- Exercise description: Would you please retype, exactly, the lines of the listing below between the line with "Freshdesk actions allow" and the line with "Android에는 보장된 백그라운드", inclusive?

- Provided records:
#####
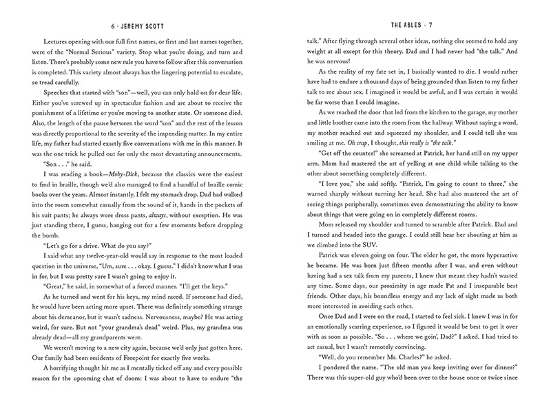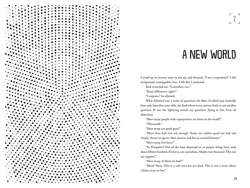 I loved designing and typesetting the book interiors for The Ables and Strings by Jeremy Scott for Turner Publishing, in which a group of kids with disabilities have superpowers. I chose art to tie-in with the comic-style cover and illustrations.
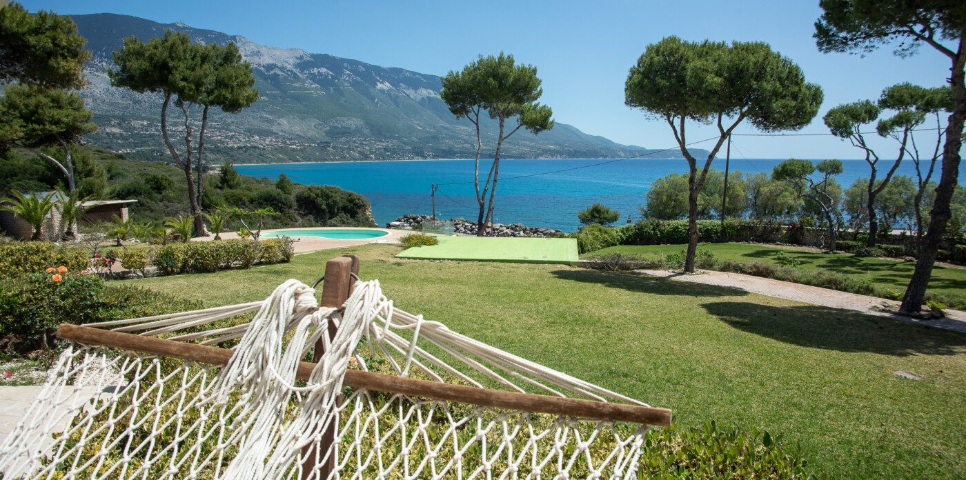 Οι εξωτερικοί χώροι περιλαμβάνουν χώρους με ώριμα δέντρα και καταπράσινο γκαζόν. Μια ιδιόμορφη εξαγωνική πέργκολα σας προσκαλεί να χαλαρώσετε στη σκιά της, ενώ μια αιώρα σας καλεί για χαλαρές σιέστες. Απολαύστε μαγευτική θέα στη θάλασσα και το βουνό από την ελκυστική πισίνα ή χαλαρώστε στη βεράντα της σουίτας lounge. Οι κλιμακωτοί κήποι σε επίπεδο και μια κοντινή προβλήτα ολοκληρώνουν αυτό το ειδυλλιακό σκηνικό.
#####
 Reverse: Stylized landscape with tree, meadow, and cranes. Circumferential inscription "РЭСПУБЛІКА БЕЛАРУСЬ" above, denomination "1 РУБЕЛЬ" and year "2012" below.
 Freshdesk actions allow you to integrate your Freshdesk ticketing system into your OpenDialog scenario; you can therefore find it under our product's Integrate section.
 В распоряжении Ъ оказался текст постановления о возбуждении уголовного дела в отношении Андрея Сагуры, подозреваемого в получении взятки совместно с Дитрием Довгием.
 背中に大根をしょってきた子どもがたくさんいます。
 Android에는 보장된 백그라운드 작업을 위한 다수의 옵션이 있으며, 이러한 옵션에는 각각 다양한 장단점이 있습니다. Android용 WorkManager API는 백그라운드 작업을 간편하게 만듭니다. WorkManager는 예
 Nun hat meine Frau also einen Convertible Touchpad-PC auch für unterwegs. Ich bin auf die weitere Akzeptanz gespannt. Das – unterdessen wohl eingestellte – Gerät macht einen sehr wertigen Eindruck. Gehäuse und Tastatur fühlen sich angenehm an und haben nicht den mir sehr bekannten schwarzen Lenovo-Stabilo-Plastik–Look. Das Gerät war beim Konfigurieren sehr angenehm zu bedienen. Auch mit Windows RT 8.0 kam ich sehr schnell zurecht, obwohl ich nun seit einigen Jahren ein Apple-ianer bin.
#####
- The completed task:
 Freshdesk actions allow you to integrate your Freshdesk ticketing system into your OpenDialog scenario; you can therefore find it under our product's Integrate section.
 В распоряжении Ъ оказался текст постановления о возбуждении уголовного дела в отношении Андрея Сагуры, подозреваемого в получении взятки совместно с Дитрием Довгием.
 背中に大根をしょってきた子どもがたくさんいます。
 Android에는 보장된 백그라운드 작업을 위한 다수의 옵션이 있으며, 이러한 옵션에는 각각 다양한 장단점이 있습니다. Android용 WorkManager API는 백그라운드 작업을 간편하게 만듭니다. WorkManager는 예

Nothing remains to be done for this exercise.